The way STL generic algorithms use iterators is illustrated by the accumulate
algorithm.
template <class InputIterator, class T>
T accumulate(InputIterator first, InputIterator last, T init) {
while (first != last) {
init = init + *first;
++first;
}
return init;
}
- Example
2-9 shows a simple use of the accumulate function with vector
iterators. It could also be used, for example, with array iterators, which
are ordinary pointers, or with list iterators.
- In each case the abstract meaning is the same---adding to the initial
value the values in the range indicated by the iterators.
- All accumulate needs is minimal properties of iterators---the
properties guaranteed by input iterators, which get their name from
the requirement that their * operation be able to read values
but not (necessarily) store them.
- Output iterators are similar to input iterators, but require
* to be able to store values but not (necessarily) read them.
- Forward iterators can both read and store with *.
- Bidirectional iterators have, in addition to forward iterator
abilities, -- operations for traversing sequences in the opposite
of the normal direction.
- Random access iterators add the ability to jump to an arbitrary
position in a sequence in constant time, with += and -=.
The precise definition of these iterator categories is given in Chapter
4 of Musser & Saini.
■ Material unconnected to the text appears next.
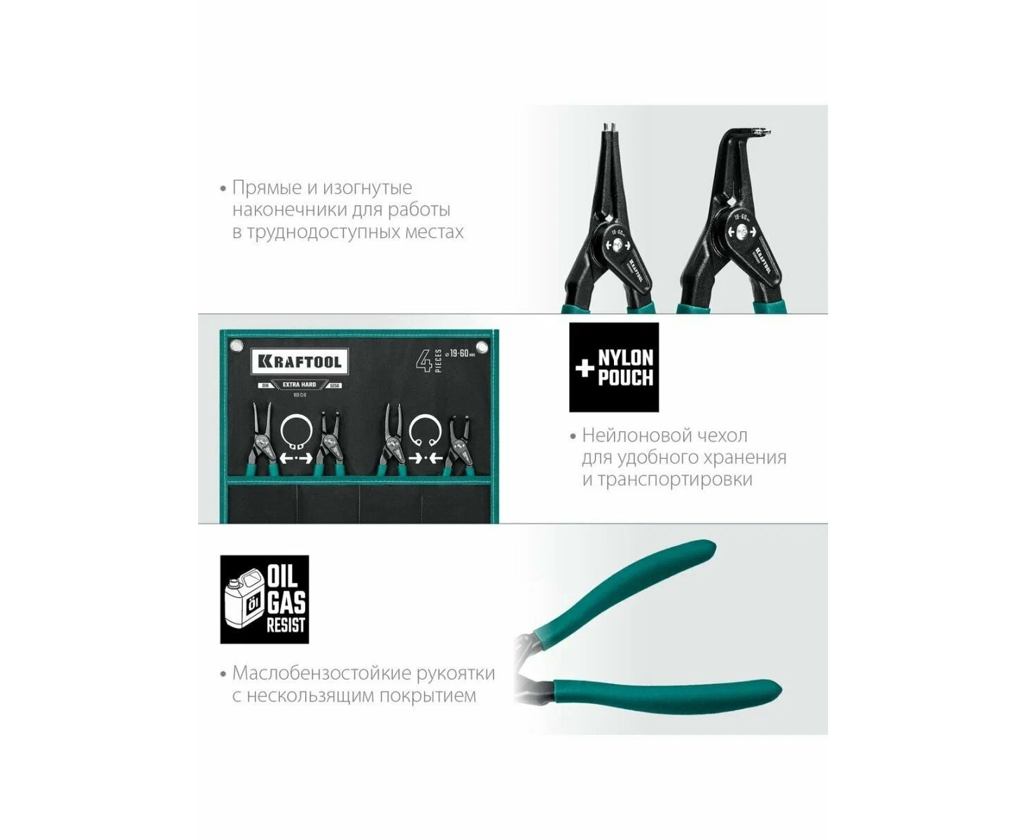 Технические характеристики набора съемников KRAFTOOL 22812-H4

The key point to understand is some algorithms
need the more powerful iterators in order to operate efficiently. For example
linear searching only needs input iterators, but sorting needs random access
iterators.
Function objects
Definition of generic algorithms in terms of iterators makes the algorithms
very flexible, but even more flexibility is afforded by other parameters
called function objects.
- Example
2-10 shows how to use accumulate to accumulate a product,
by passing it a multiplication function to use instead of addition.
- Example
2-11 does the same thing but using a function object, an object
of a type defined by a class or struct in which the function call operator
is defined.
- Example
2-12 again does the same thing but using one of STL's predefined function
objects, times.
Adaptors
An STL adaptor is a component that modifies the interface of
another component.
- Example
2-13 shows the use of reverse iterators, which are obtained
from ordinary iterators using an iterator adaptor.
- STL also defines insert iterator adaptors and several container
adaptors and function adaptors
Organization and Examples of STL Generic Algorithms
In-place and copying versions
- Example
5-1 shows the use of an in-place sorting algorithm.
- Example
5-2 shows the use of reverse_copy, copying version of the reverse
algorithm.
Algorithms with Function Parameters
- Example
5-3 shows the use of a sort algorithm with a function object, a binary
predicate (a function that returns a bool value). The one used,
greater, makes the algorithm sort into descending order instead
of the usual ascending order.
Categories of STL Generic Algorithms
STL generic algorithms fall into four broad categories.
Nonmutating sequence algorithms.
If you need some algorithm for searching a sequence or counting elements
that have some property, check out the algorithms in this category. They
are called nonmutating because they don't change the sequence to which
they are applied.
Mutating sequence algorithms.
Those algorithms that do change sequences, but are not related to sorting
(the next category), reside here. E.g., copying, filling, generating, partitioning,
shuffling, removing elements, rotating, and transforming.
Sorting-related algorithms.
This category includes sorting; merging; and set operations on sorted
sequences, such as union and intersection. Maintaining a heap, which can
be used as a priority queue, is also provided. Also, comparing two sequences
lexicographically (a generalization of alphabetical ordering of strings)
and generating all permutations of a sequence in lexicographical order.
Generalized numeric algorithms.
This category contains algorithms like accumulate for computing
sums, sequences of partial sums, and inner products---all suitably generalized
with function object parameters so you can substitute other binary operations
for + and *.